The only drawback is we really wanted a bed that slides out on the side with a larger wardrobe capacity. But having a large living area for entertaining, was extremely important to us, so we compromised and settled for a smaller bedroom instead. It's adequate, though barely. But again with the shirt closet that slides out the one side and the 2 small wardrobes on either side of the bed, along with the cabinets and shelf over the bed, we are making-do nicely. I did add a small lightweight 11"D x14"W chest with wicker drawers on the wall at the end of the bed which gives us some welcomed drawer space. IF the bedroom layout was like the OB 277RL we would say we have found THE perfect RV for us! I do have some experience in drawing and/or redesigning floor plans, though not a professional by any stretch, as I designed to scale, with 12 pages of specifications, the house we live in and had 4 contractors bidding to build it. Then years ago I was custom designing a travel trailer in conjunction with the manufacturer who told me they really liked my ideas and design changes...so much in fact, that within 2 years they incorporated a few of my design changes into a couple models of their trailer plans!!

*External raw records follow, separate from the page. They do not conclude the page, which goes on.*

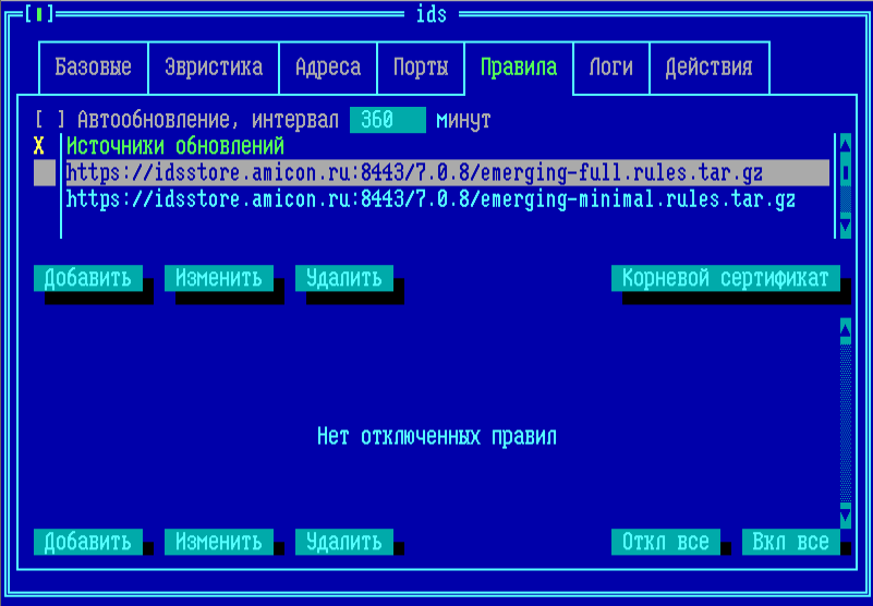 На вкладке Правила задаются источники обновлений правил IDS и правила, отключаемые при проверке пакетов.
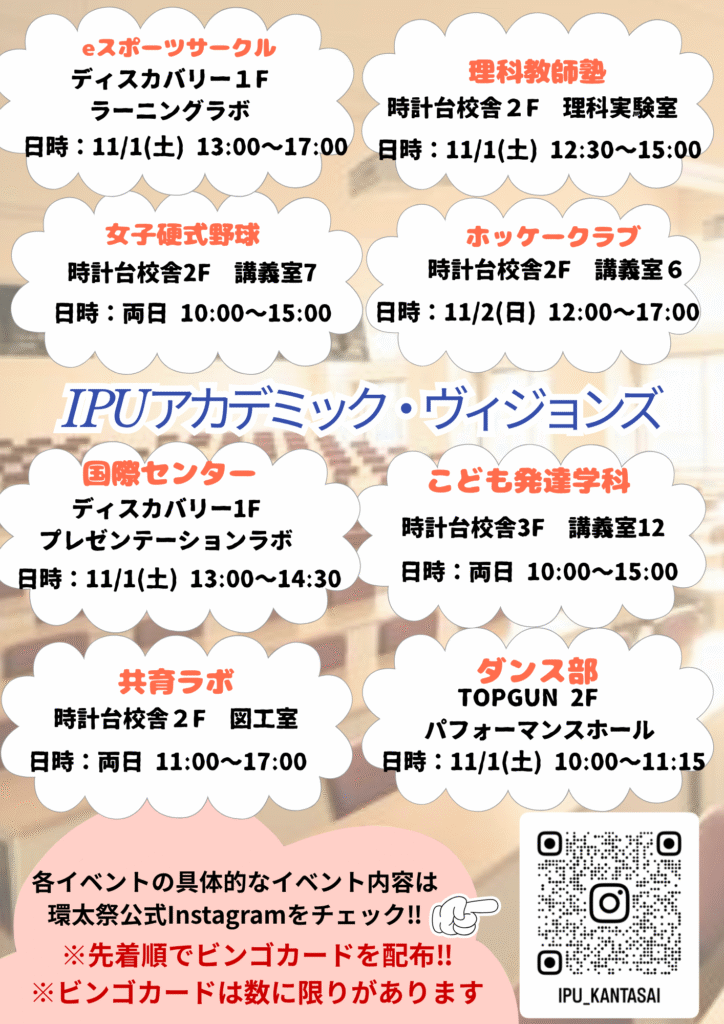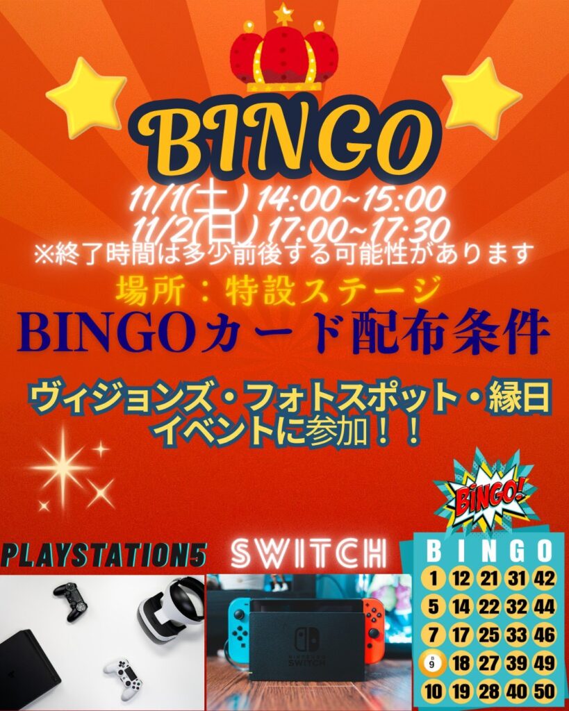 ビンゴ大会では、誰でも楽しめるようなイベントとなっており、PS5や掃除機など豪華景品をご用意しております。 ビンゴカードは、アカデミック・ヴィジョンズ、謎解きクイズラリー、縁日イベントに参加してくださった方に先着順で無料配布させていただきま... -
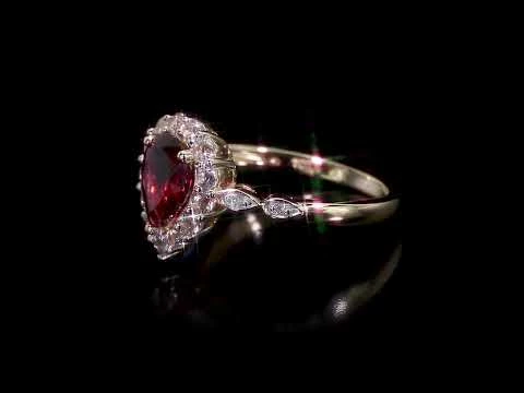 Stand out in the crowd with this striking pear halo ring.Crafted in lustrous yellow gold, this exceptional ring features a pear cut, prong set garnet decorated with a halo created by 13 prong set white topaz gemstones and four pave set diamonds (G H-I, I2-I3) embellished halfway on both sides of the band in a marquise design.Finished with a polished shine, this glitzy ring is a perfect accessory for a red carpet look.
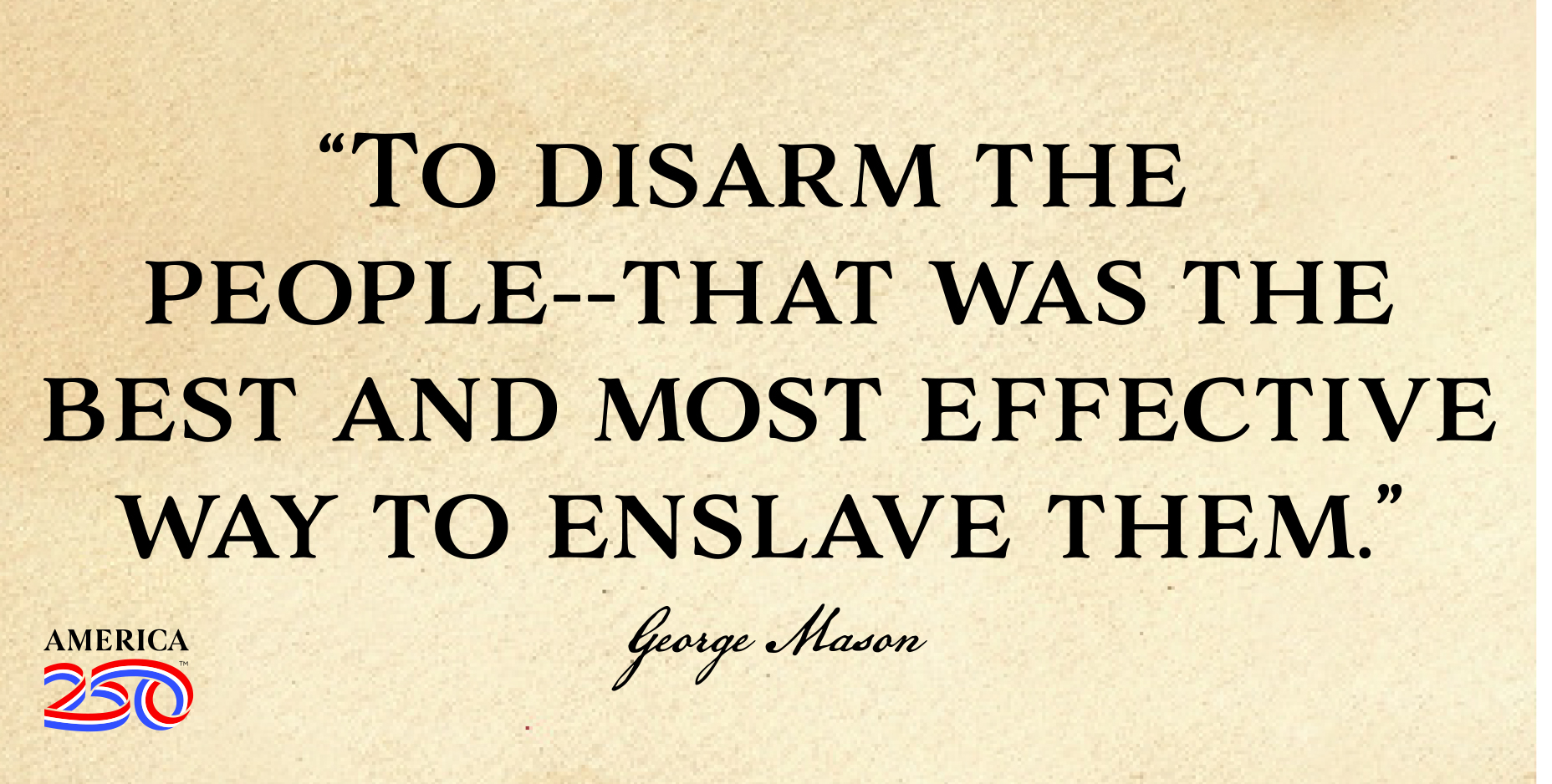 This bumper sticker features the George Mason Quote: “To disarm the people--that was the best and most effective way to enslave them." These removable, UV resistant, 3"x6" stickers will adhere to any flat clean surface and are by no means limited to cars! Perfect for windows, laptops, guitar cases, water bottles, and anything you want to add a patriotic flair to! The AMERICA 250® word mark and logo are trademarks of the U.S. Semiquincentennial Commission and are used by Nelson Enterprises under license.
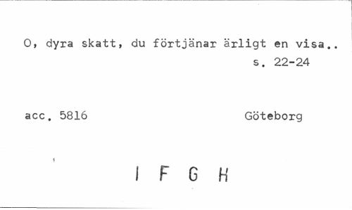 //// O, dyra skatt, du förtjänar ärligt en visa.. //// s. 22-24 //// acc. 5816 Göteborg //// I F G H ////
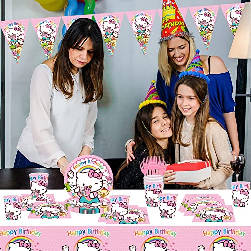 IFHDO HelloKiitty Stoviglie per Feste Compleanno, Kit di Stoviglie per Compleanno a Forma di HelloKiitty Decorazione da Tavola Piatto Tazza Tovagliolo Tovaglia per Compleanni Festa
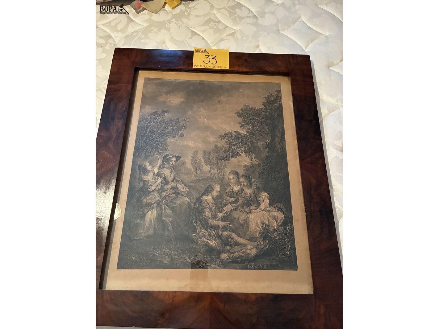Lot 33 - mahoniehouten kader met prent spaanse les
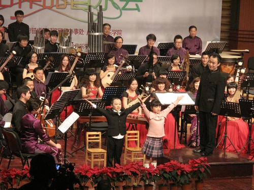 音乐会的上半场由青年指挥家肖超指挥。演出的作品是我院邹向平教授的《班车号子与山歌》,乐曲以四川民歌为素材,具有四川特有的音乐风格。音乐响起,使人联想到上世纪五、六十年代的成都:人力板车的号子、叫卖的吆喝声,将过去的市井场景托显出来。以一曲“槐花几时开”的旋律穿插于乐曲各部,把力量、热情的气氛用优美、闲逸的情趣分攘开来,最后又把二者合在一起,形成盎然的生机。林乐培先生将古曲《春江花月夜》以变奏形式发展,保留并发挥了古琴与琵琶的演奏效果,用钢琴与乐队进行演绎。第三个作品是林乐培作于1979年的《昆虫世界》,这是一首尝试扩充中国音乐调性、和声与音色组合的试验品。全曲共分五段,每段乐曲都以音响去素描昆虫的形象,再以旋律写出其中的意境,用音乐来描绘了一个奇妙的昆虫的世界。此次在我院的演出还特别邀请了两位成都本地的小朋友作为乐段作旁白,融入了浓浓的四川风味。
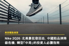 - Nike FY2026Q1 財報優於預期,北美與批發通路復甦,印證「Win Now」策略奏效
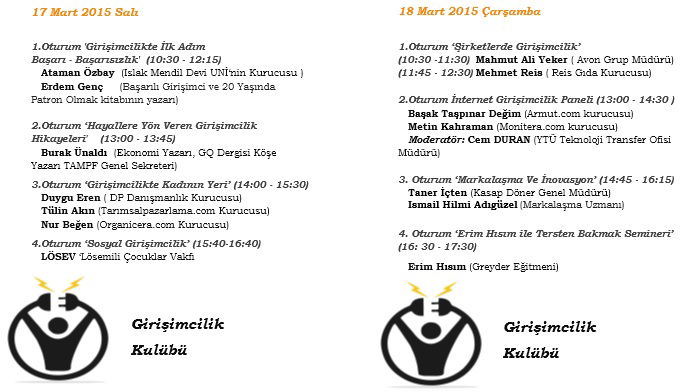 Bu yıl 2. kez düzenlenen etkinliğe başarılı girişimciler ve girişimci adayları katılıyor. Etkinlik İstanbul Üniversitesi Mühendislik Fakültesi/Avcılar’da gerçekleşiyor.Girişimciliğe İlk Adım Başarı ve Başarısızlık, Hayallere Yön Veren Girişimcilik Hikayeleri, Girişimcilikte Kadının Yeri ve Sosyal Girişimcilik “Sosyal Yardım Kuruluşları” adlı oturumlarla 17 Mart Salı günü ilk gerçekleştirilecek etkinliğin, ikinci gün başlıkları ise, Kurumsal Girişimcilik, İnternet Girişimcilik Paneli, Markalaşma ve İnovasyon, Erim Hısım ile Tersten Bakmak semineri şeklinde.

It's a fun past-time for me to draw or redesign floorplans, whether houses or RV's!
We are looking forward to using and taking longer trips in 2014 with our 316RL. Would love to go to the OB rally in Ohio, but as yet we aren't sure those dates will work for us. The 316RL is not yet listed on the forum poll, so hope the administrator(s) add it to the list soon! I am eagerly looking forward to reading more posts from those with the 316RL trailers.


----------